Students Make History at Aleppo University
by Nuff Silence
Today, Thursday the 17th of May, 2012, was a historic day for Syria in general and Aleppo in particular. United Nations monitors — part of Annan’s plan to bring the “crisis” in Syria to a peaceful resolution— visited the University of Aleppo. They drove through the main gate from the University Square, stopping at a paved parking lot shaded by conifers in front of the Baath Party branch and the University main administrative building. They were received by thousands of students chanting against the regime and demanding the release of detainees.

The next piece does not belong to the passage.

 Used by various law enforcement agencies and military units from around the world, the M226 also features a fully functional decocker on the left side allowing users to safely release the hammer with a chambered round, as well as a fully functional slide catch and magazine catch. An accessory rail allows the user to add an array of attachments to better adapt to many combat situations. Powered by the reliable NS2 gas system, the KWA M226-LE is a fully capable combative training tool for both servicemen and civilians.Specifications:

The scene was overwhelming; the students had been clamoring for months to bring some attention to their plight. Their campus — following the large daily protests — had undergone an Assad-style transformation easing the crackdown on protesting students: a wall was erected to separate the Faculty of Science from the complex of the dormitories; the dormitories were raided in a vicious security operation that left several students dead and injured at beginning of May leaving hundreds of students evicted; security thugs were present all day long on the lawns and leafy areas bisecting and connecting faculty buildings; tear gas had become part of the atmosphere that you breathed on your way into class and on your way out; and an unknown, but definitely large number of students had been detained.

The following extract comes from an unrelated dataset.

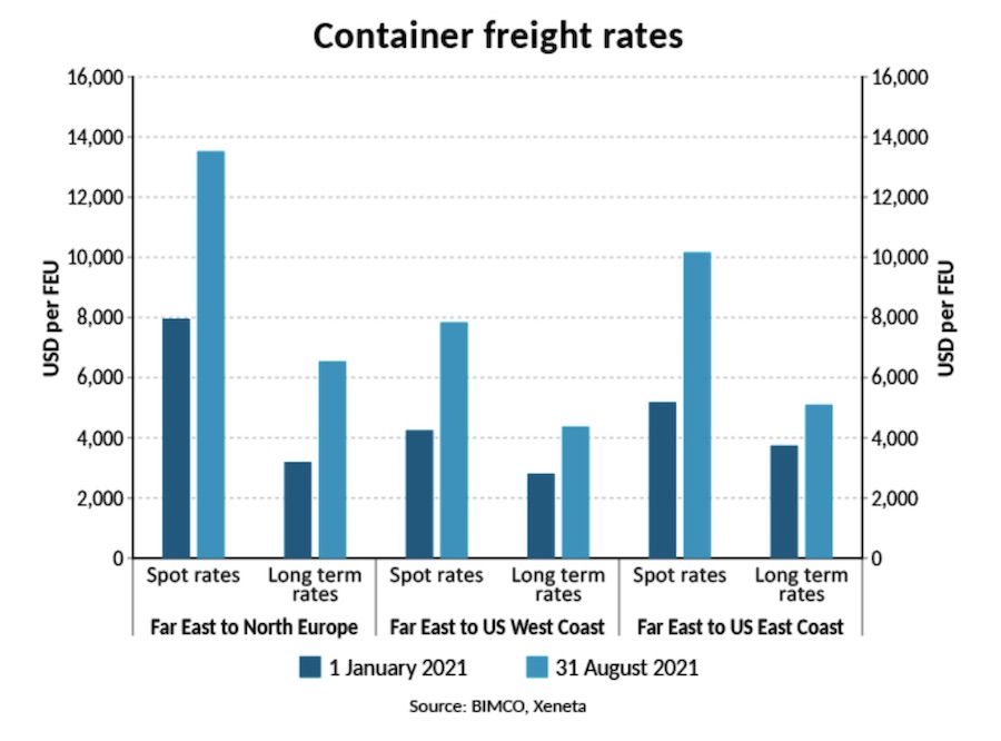 本周来自 BIMCO 的一份新的集装箱运输报告指出:“多年的低运费导致承运人严格削减成本,使他们处于有利位置,现在市场已经转向,可以实现利润最大化。展望未来,事实证明,他们善于在谈判桌上利用自己的优势,以当今更高的运费与托运人签订长期合同。”

Some students tried to talk to the UN observers, to communicate their angst and anger and grievances, but it was futile. There was little opportunity for exchanging any useful information. The UN cars soon drifted on a sea of students, moving in waves towards the main University Square.The de facto protest grew in numbers and decibels, even though in most faculties it was exam time. Hafez Al Assad’s mosaic wall portrait— his mug that had been sneering down on us for years — was attacked and deformed beyond recognition. With their fearless actions, the students wiped the slate clean for all the earlier generations, including mine, who stood idly by, knowing the score but doing nothing, saying nothing. Today, all evidence and traces of the regime were cleansed from Sahet Al Jame’a (University Square), and were replaced by defiant revolution flags and chants demanding change.

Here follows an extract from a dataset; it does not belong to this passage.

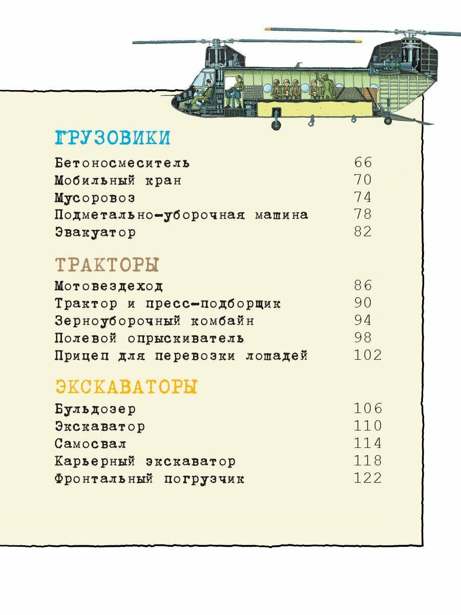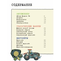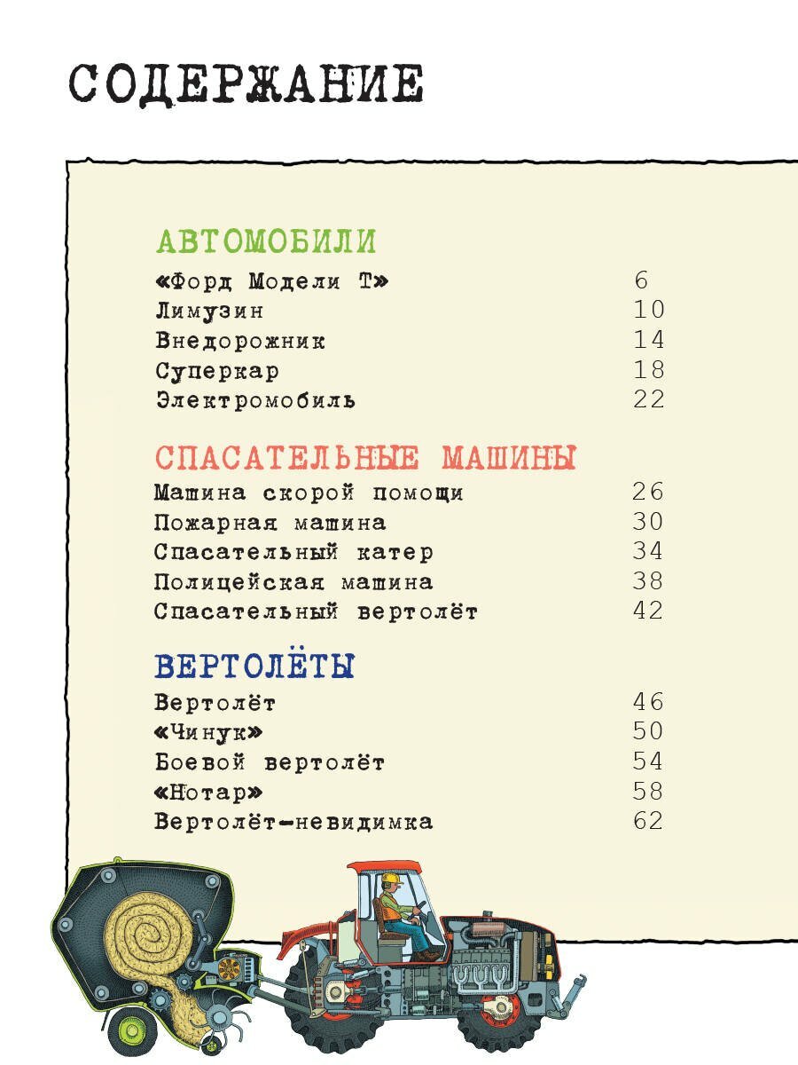 Книга разделена на шесть частей: автомобили, спасательные машины, вертолеты, грузовики, тракторы и экскаваторы. В каждом из них представлены наиболее интересные модели. Дети узнают, как устроены карета скорой помощи, пожарная и полицейская машины, как работает зерноуборочный комбайн, мусоровоз, эвакуатор, почему взлетает вертолет и многое другое.

The presence of the UN monitors marked the time and place for the students to come together, from all faculties and colleges, and to converge in the epicenter of the campus. While it is true that the presence of the monitors facilitated unprecedented gathering, it was, beyond doubt, the unbelievable courage, bravery, and determination of the students that ultimately made it happen. This is the University of Aleppo, where the lines delineating different provinces in Syria disappeared. This is the University of Aleppo, where your ethnic origin meant little and your sect was rendered irrelevant. This is the University of Aleppo, where the young minds and ambitious souls refused dictatorship and joined hands in one of the largest and most resilient student movements in Syria since its independence.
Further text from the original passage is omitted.